The drow smiled when he noticed his companions fidgeting and huffing over who got the next draw on a bottle of wine they had begged and how much the last drinker had taken. Drizzt was alone at the barrel now; the Weeping Friars, while not actually shunning the drow, didn’t often go near him. Drizzt accepted this and knew that the fanatics appreciated his companionship for practical, if not aesthetic, reasons. Some of the band actually enjoyed attacks by the various monsters of the land viewing them as opportunities for some true suffering, but the more pragmatic of the group appreciated having the armed and skilled drow around for protection.
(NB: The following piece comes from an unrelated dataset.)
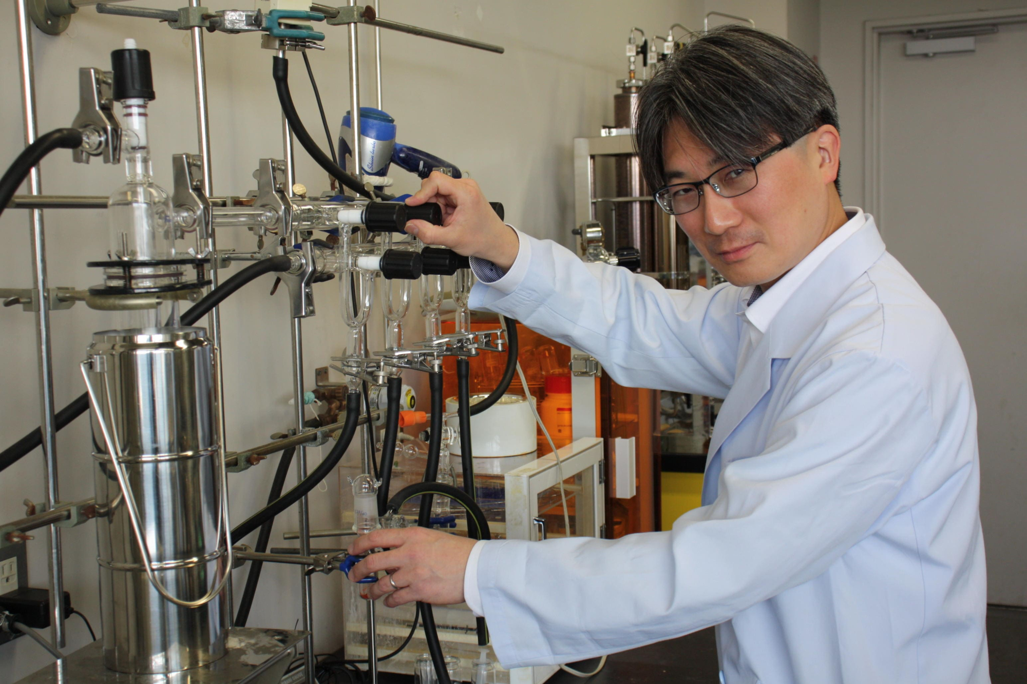 遷移金属触媒は空気や水に不安定なものが多いので、特殊な装置を使って実験を行います。

The relationship was acceptable to Drizzt, if not fulfilling. He had left Mooshie’s Grove years ago filled with hope, but hope tempered by the realities of his existence. Time after time, Drizzt had approached a village only to be put out behind a wall of harsh words, curses, and drawn weapons. Every time, Drizzt shrugged away the snubbing. True to his ranger spirit—for Drizzt was indeed a ranger now, in training as well as in heart—he accepted his lot stoically.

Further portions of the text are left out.